If anyone makes their own cheese will you please share your recipe and tips. I would like to try and make my own. If you don't want to share will you point me in the right direction to find a good recipe?


----------



## Steve Kroll (Oct 1, 2014)

I dabbled around with cheese making a while back, but decided I already had too many hobbies. It didn't seem all that difficult, though. 

All you need is a great book and cheese making supplies.

A great book (Ricki Carroll is the cheesemaking queen):
http://www.amazon.com/Mastering-Art...&qid=1412163432&sr=1-3&keywords=ricki+carroll

Cheese making supplies
Cheese Making Supplies | Midwest Supplies


----------



## GotGarlic (Oct 1, 2014)

This blog is defunct, but it has lots of recipes, tips and links to supplies for making cheese at home: http://forgingfromage.blogspot.com/


----------



## medtran49 (Oct 1, 2014)

There are TONS of sites on cheesemaking, as well as books.  We found a place where you can get raw milk (although it is labeled for non-human consumption, pfffft) and made mozzarella, ricotta and mascarpone.  It wasn't difficult, though I cooked the first batch of moz too long and it didn't have that really soft texture we wanted.  The ricotta and mascarpone were great though.  Used the mascarpone to make the best brownies we've ever had in our lives.  

Had made some ricotta long ago using just lemon juice and store-bought milk.  It was pretty easy too though I have to say the non-pasturized milk made a better end product and formed the curd better.


----------



## PrincessFiona60 (Oct 1, 2014)

The perfect place for beginners and the mozzarella recipe I use is here.

Fankhauser's Cheese Page


----------



## Farmer Jon (Oct 2, 2014)

Thanks everyone.
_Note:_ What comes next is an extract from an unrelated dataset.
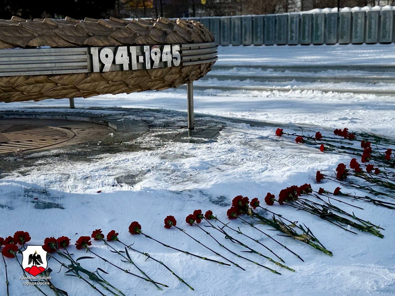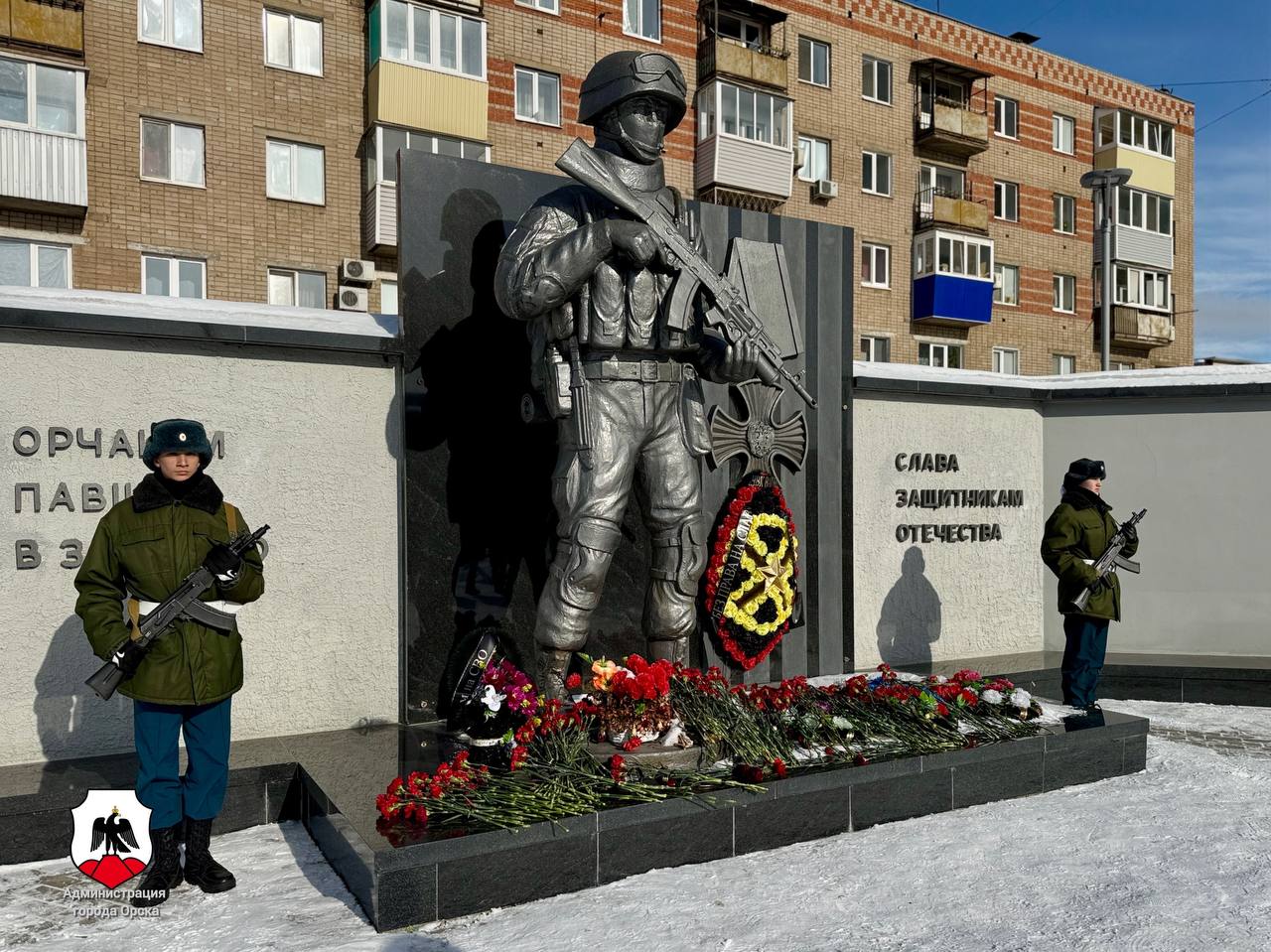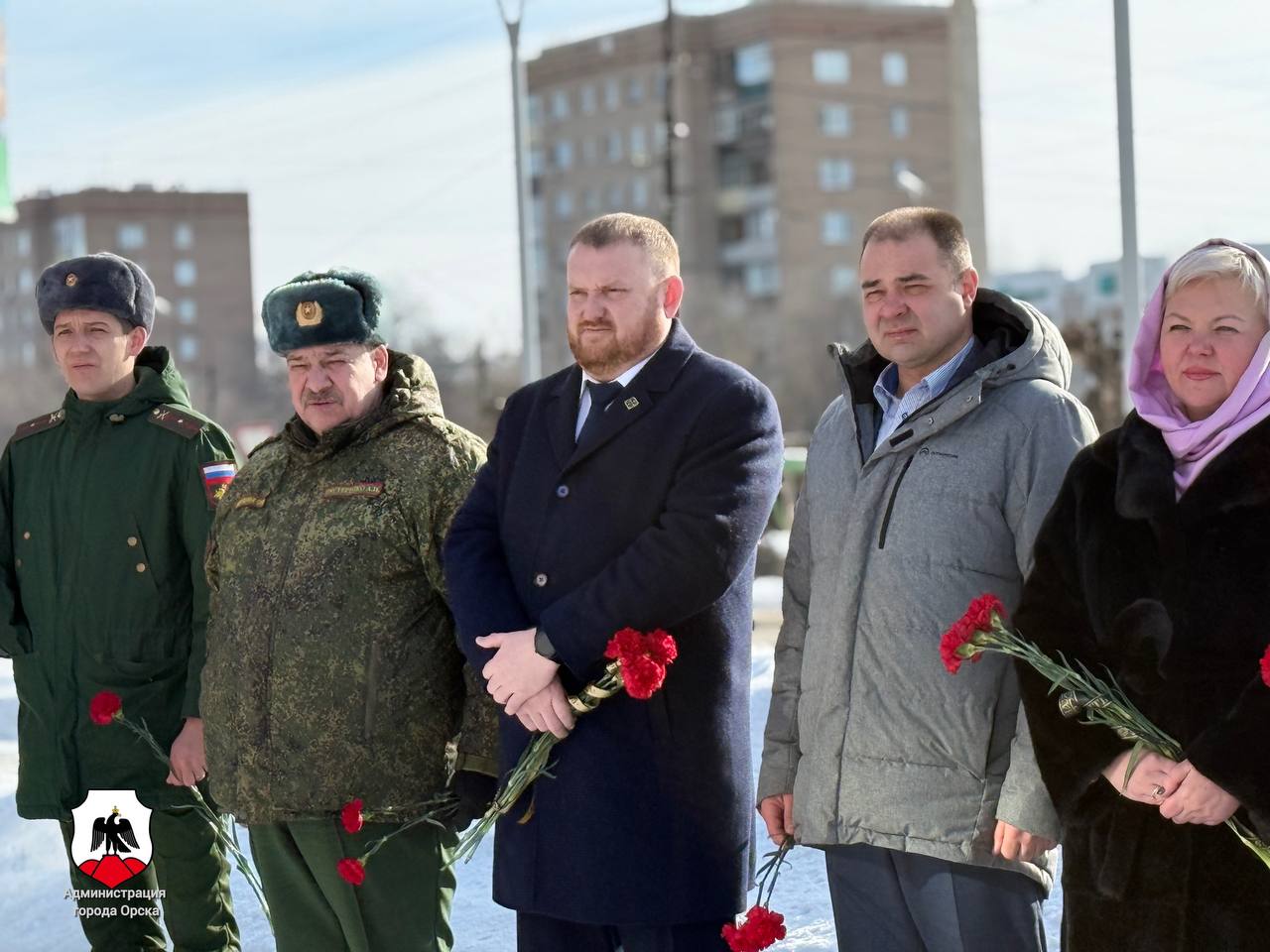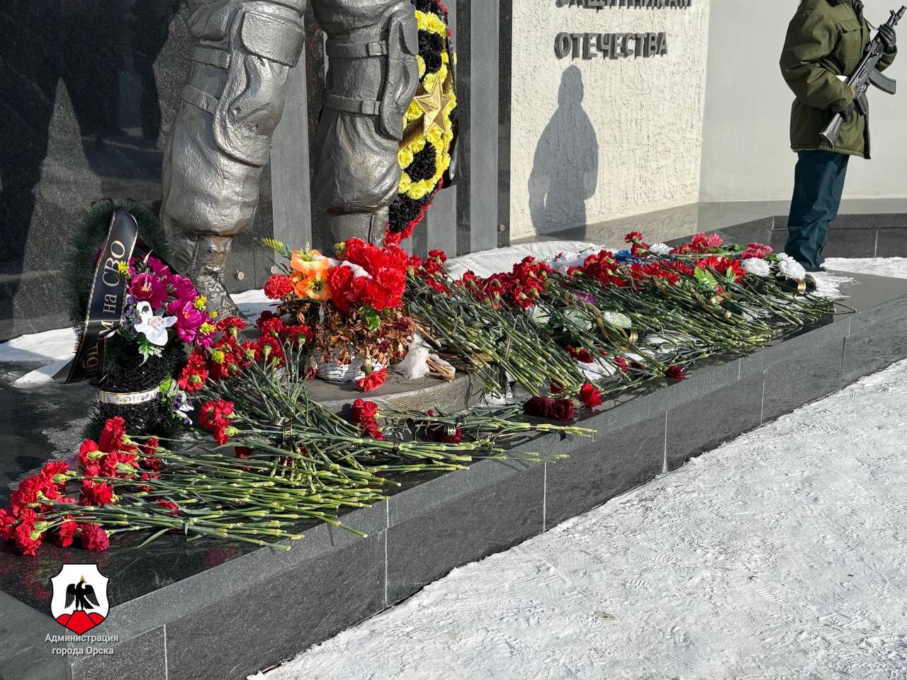 Цветы к вечному огню и мемориалу в память о земляках, погибших в ходе СВО, возложили Артём Воробьёв, глава Орска депутаты горсовета, участники СВО, ветераны, представители силовых структур, религиозных конфессий, общественных организаций, студенты.

This should keep me busy this winter. I think I can get raw milk. There is a dairy up the road from me.


----------



## blissful (Mar 9, 2017)

Farmer Jon, your post is from 2014 but I still see you around. Have you had any luck with making cheeses? I started last fall watching videos and the blog by Gavin Webber and now I'm knee deep in cheese and I love making it. The blog and videos are free and they show you each step and give you a recipe. I'll start a new post on making cheese and unfortunately all the cheese I make is with store bought milk, but with the addition of calcium chloride, it works well.


----------



## Farmer Jon (Mar 9, 2017)

I never did it. Its still somthing I'm interested in. Just never had the time. Its on my list of things I want to do.


----------